I'd like the data below restated word for word, with the pictures left out.
** Opening Source material block **
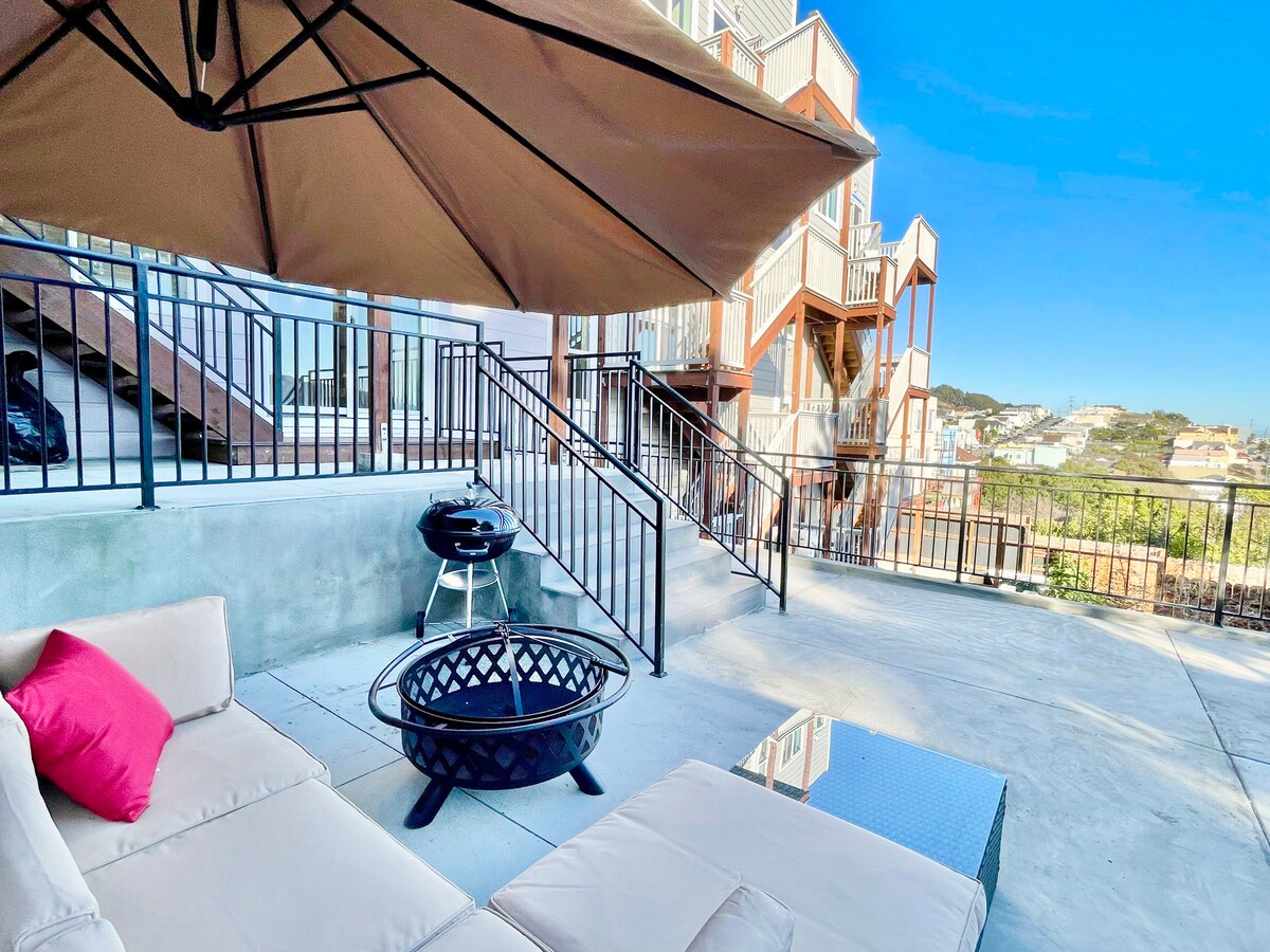 Disfruta de San Francisco en esta impresionante casa de nueva construcción. Disfruta de impresionantes vistas a la bahía, con techos altos con electrodomésticos nuevos. El dormitorio tamaño king cuenta con baño privado con bañera. Ambas suites tienen espuma viscoelástica. Relájate frente al Smart TV con Netflix, Disney+, ESPN y Hulu. Disfruta de muchos juegos de mesa incluidos. Cocina a tu gusto en la cocina totalmente equipada, con tazas de café Starbucks y una variedad de opciones de té. ¡Haz que tu próximo viaje a San Francisco sea inolvidable!
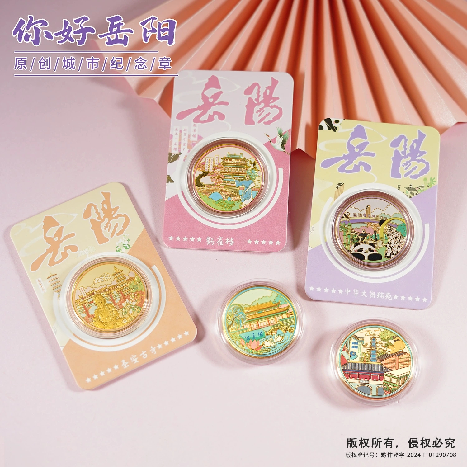 岳阳巴陵广场伴手礼湖南旅游景区纪念品岳阳楼纪念币中国风纪念章 - 出山收藏馆
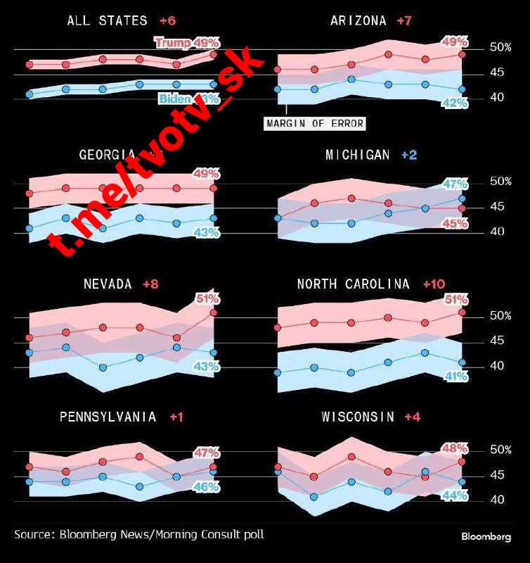 Trump vedie v Severnej Karolíne (+10), Nevade (+8), Arizone (+7), Georgii (+6), Wisconsine (+4) a Pensylvánii (+1).
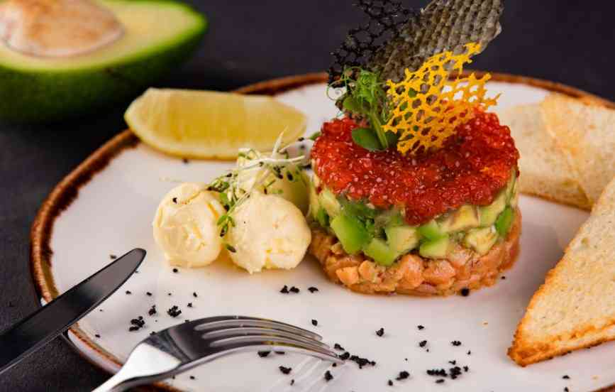Мы можем подать этот тартар из лосося и авокадо как порцию или как закуску. Для этого возьмите небольшой ломтик поджаренного хлеба, накройте его тартаром и украсьте тем, что есть под рукой. Это питательная, свежая и легкая закуска, идеально подходящая для любого случая.
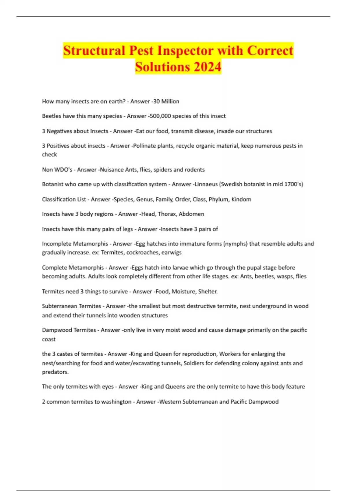 Structural Pest Inspector with Correct Solutions 2024 How many insects are on earth? - Answer -30 Million Beetles have this many species - Answer -500,000 species of this insect 3 Negatives about Insects - Answer -Eat our food, transmit disease, invade our structures 3 Positives about insects - Answer -Pollinate plants, recycle organic material, keep numerous pests in check Non WDO's - Answer -Nuisance Ants, flies, spiders and rodents Botanist who came up with classification system - Answer -Linnaeus (Swedish botanist in mid 1700's) Classification List - Answer -Species, Genus, Family, Order, Class, Phylum, Kindom Insects have 3 body regions - Answer -Head, Thorax, Abdomen Insects have this many pairs of legs - Answer -Insects have 3 pairs of Incomplete Metamorphis - Answer -Egg hatches into immature forms (nymphs) that resemble adults and gradually increase. ex: Termites, cockroaches, earwigs Complete Metamorphis - Answer -Eggs hatch into larvae which go through the pupal stage before becoming adults. Adults look completely different from other life stages. ex: Ants, beetles, wasps, flies Termites need 3 things to survive - Answer -Food, Moisture, Shelter. Subterranean Termites - Answer -the smallest but most destructive termite, nest underground in wood and extend their tunnels into wooden structures Dampwood Termites - Answer -only live in very moist wood and cause damage primarily on the pacific coast the 3 castes of termites - Answer -King and Queen for reproduction, Workers for enlarging the nest/searching for food and water/excavating tunnels, Soldiers for defending colony against ants and predators. The only termites with eyes - Answer -King and Queens are the only termite to have this body feature 2 common termites to washington - Answer -Western Subterranean and Pacific Dampwood
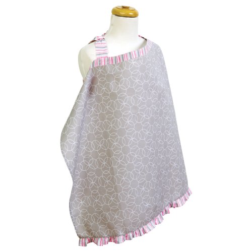 100% cotton nursing cover;Measures 24 x 34;One size fits most;Collar can be positioned to view baby while nursing;Adjustable neck strap with d ring
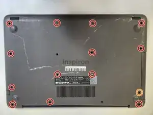 Удалите 13 винтов размером 8 мм с нижней стороны устройства с помощью отвертки Phillips #00.
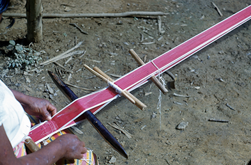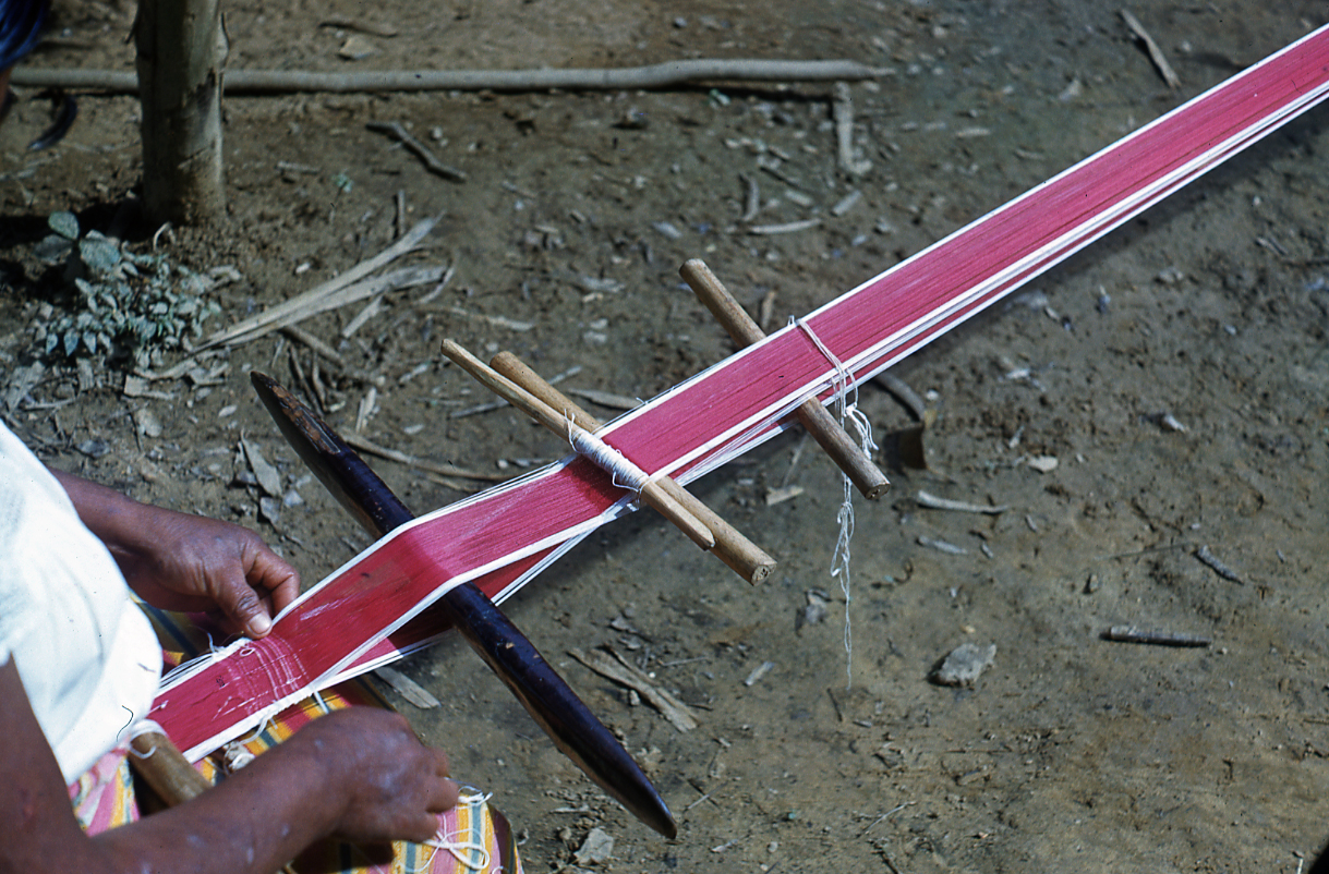Tejedora nahua de Cosoleacaque, Veracruz, tejiendo en telar de cintura una faja con la técnica de labrado de urdimbre. En este tipo de técnica, se agregan hilos extras, que van de forma paralela a los hilos de urdimbre que forman la estructura, esto para crear patrones y motivos. Nótese la psoriasis que presenta en los brazos la tejedora. Diapositiva en buen estado de conservación.
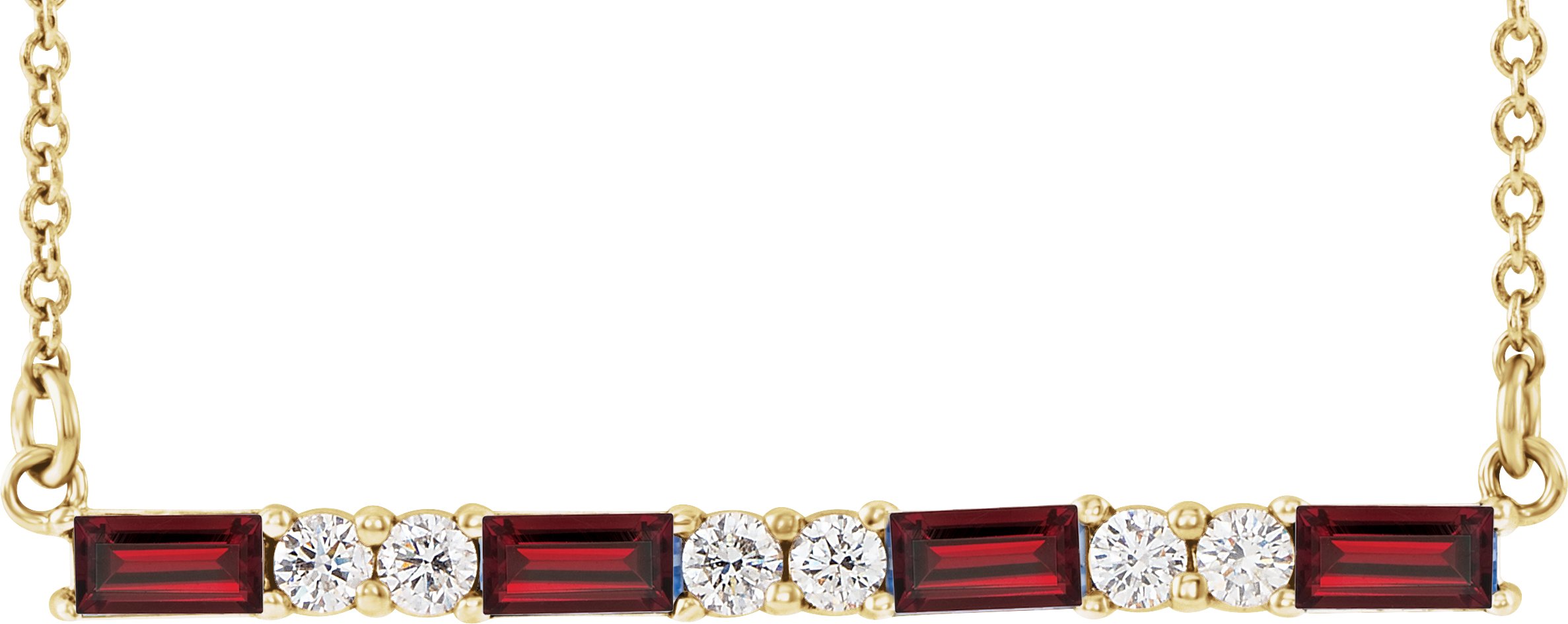 Description: Genuine Garnet And 1/5 Ctw Diamond Bar Necklace
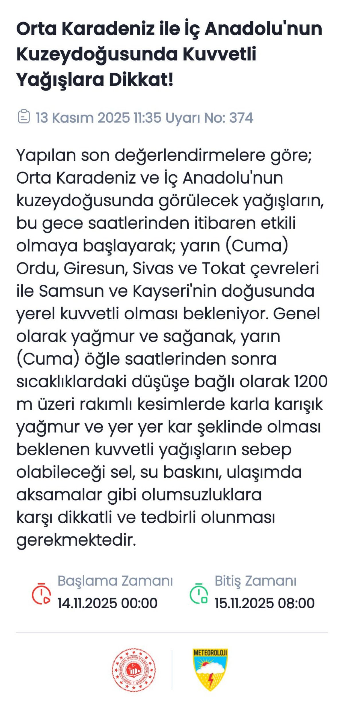 - Meteoroloji Genel Müdürlüğü, Ordu, Giresun, Sivas ve Tokat için kuvvetli yağış uyarısında bulundu.
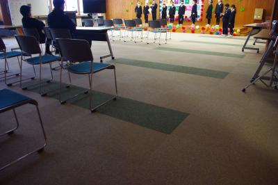月曜日の卒業式に向けて、全校児童生徒で予行演習を行っています。校舎の清掃や飾り付けも行っています。
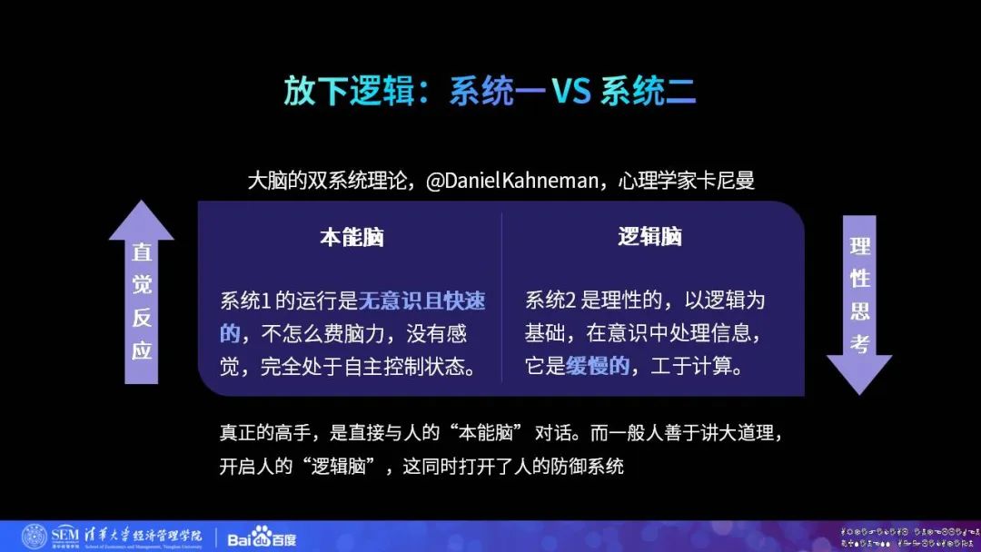 底层的原理其实是卡尼曼的大脑双系统理论,有一本书叫《思考,快与慢》。它讲的就是我们所有人的大脑都是这么运作的,你有个系统 1,它的运行是无意识且快速的,不怎么费脑子,没有感觉,完全属于自主控制状态;系统 2 是理性的,以逻辑为基础,在意识中处理信息,它的缓慢的,工于计算。
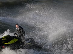 The continuous shooting capabilities are certainly very usable, but it’s also important to compare them against its compact rivals. In my tests the Canon S120 could shoot Large Fine JPEGs at 15.62fps for an initial burst of five frames, then at 9.43fps until it ran out of memory. Meanwhile the RX100 II can shoot at 10fps, but only for a short burst of 13 frames. If you want to shoot longer bursts with the Sony you need to drop the speed to 2.5fps, which isn’t as useful as the 5fps unlimited mode on the GM1. So the GM1 and RX100 II actually share similar capabilities when shooting at 10fps, but the GM1 is quicker if you choose the reduced speed for unlimited frames. Meanwhile after years of producing cameras with terrible continuous shooting capabilities, Canon looks like its finally nailed it with the S120, which beats its rivals by delivering around 10fps for as long as memory remains. As Live View cameras though, none are great at tracking action as it goes past though – indeed you can see I struggled to keep the jetski in the middle of the frame in my GM1 burst above.
** Closing Source material block **
## Result
 Disfruta de San Francisco en esta impresionante casa de nueva construcción. Disfruta de impresionantes vistas a la bahía, con techos altos con electrodomésticos nuevos. El dormitorio tamaño king cuenta con baño privado con bañera. Ambas suites tienen espuma viscoelástica. Relájate frente al Smart TV con Netflix, Disney+, ESPN y Hulu. Disfruta de muchos juegos de mesa incluidos. Cocina a tu gusto en la cocina totalmente equipada, con tazas de café Starbucks y una variedad de opciones de té. ¡Haz que tu próximo viaje a San Francisco sea inolvidable!
 岳阳巴陵广场伴手礼湖南旅游景区纪念品岳阳楼纪念币中国风纪念章 - 出山收藏馆
 Trump vedie v Severnej Karolíne (+10), Nevade (+8), Arizone (+7), Georgii (+6), Wisconsine (+4) a Pensylvánii (+1).
Мы можем подать этот тартар из лосося и авокадо как порцию или как закуску. Для этого возьмите небольшой ломтик поджаренного хлеба, накройте его тартаром и украсьте тем, что есть под рукой. Это питательная, свежая и легкая закуска, идеально подходящая для любого случая.
 Structural Pest Inspector with Correct Solutions 2024 How many insects are on earth? - Answer -30 Million Beetles have this many species - Answer -500,000 species of this insect 3 Negatives about Insects - Answer -Eat our food, transmit disease, invade our structures 3 Positives about insects - Answer -Pollinate plants, recycle organic material, keep numerous pests in check Non WDO's - Answer -Nuisance Ants, flies, spiders and rodents Botanist who came up with classification system - Answer -Linnaeus (Swedish botanist in mid 1700's) Classification List - Answer -Species, Genus, Family, Order, Class, Phylum, Kindom Insects have 3 body regions - Answer -Head, Thorax, Abdomen Insects have this many pairs of legs - Answer -Insects have 3 pairs of Incomplete Metamorphis - Answer -Egg hatches into immature forms (nymphs) that resemble adults and gradually increase. ex: Termites, cockroaches, earwigs Complete Metamorphis - Answer -Eggs hatch into larvae which go through the pupal stage before becoming adults. Adults look completely different from other life stages. ex: Ants, beetles, wasps, flies Termites need 3 things to survive - Answer -Food, Moisture, Shelter. Subterranean Termites - Answer -the smallest but most destructive termite, nest underground in wood and extend their tunnels into wooden structures Dampwood Termites - Answer -only live in very moist wood and cause damage primarily on the pacific coast the 3 castes of termites - Answer -King and Queen for reproduction, Workers for enlarging the nest/searching for food and water/excavating tunnels, Soldiers for defending colony against ants and predators. The only termites with eyes - Answer -King and Queens are the only termite to have this body feature 2 common termites to washington - Answer -Western Subterranean and Pacific Dampwood
 100% cotton nursing cover;Measures 24 x 34;One size fits most;Collar can be positioned to view baby while nursing;Adjustable neck strap with d ring
 Удалите 13 винтов размером 8 мм с нижней стороны устройства с помощью отвертки Phillips #00.
Tejedora nahua de Cosoleacaque, Veracruz, tejiendo en telar de cintura una faja con la técnica de labrado de urdimbre. En este tipo de técnica, se agregan hilos extras, que van de forma paralela a los hilos de urdimbre que forman la estructura, esto para crear patrones y motivos. Nótese la psoriasis que presenta en los brazos la tejedora. Diapositiva en buen estado de conservación.
 Description: Genuine Garnet And 1/5 Ctw Diamond Bar Necklace
 - Meteoroloji Genel Müdürlüğü, Ordu, Giresun, Sivas ve Tokat için kuvvetli yağış uyarısında bulundu.
月曜日の卒業式に向けて、全校児童生徒で予行演習を行っています。校舎の清掃や飾り付けも行っています。
 底层的原理其实是卡尼曼的大脑双系统理论,有一本书叫《思考,快与慢》。它讲的就是我们所有人的大脑都是这么运作的,你有个系统 1,它的运行是无意识且快速的,不怎么费脑子,没有感觉,完全属于自主控制状态;系统 2 是理性的,以逻辑为基础,在意识中处理信息,它的缓慢的,工于计算。
 The continuous shooting capabilities are certainly very usable, but it’s also important to compare them against its compact rivals. In my tests the Canon S120 could shoot Large Fine JPEGs at 15.62fps for an initial burst of five frames, then at 9.43fps until it ran out of memory. Meanwhile the RX100 II can shoot at 10fps, but only for a short burst of 13 frames. If you want to shoot longer bursts with the Sony you need to drop the speed to 2.5fps, which isn’t as useful as the 5fps unlimited mode on the GM1. So the GM1 and RX100 II actually share similar capabilities when shooting at 10fps, but the GM1 is quicker if you choose the reduced speed for unlimited frames. Meanwhile after years of producing cameras with terrible continuous shooting capabilities, Canon looks like its finally nailed it with the S120, which beats its rivals by delivering around 10fps for as long as memory remains. As Live View cameras though, none are great at tracking action as it goes past though – indeed you can see I struggled to keep the jetski in the middle of the frame in my GM1 burst above.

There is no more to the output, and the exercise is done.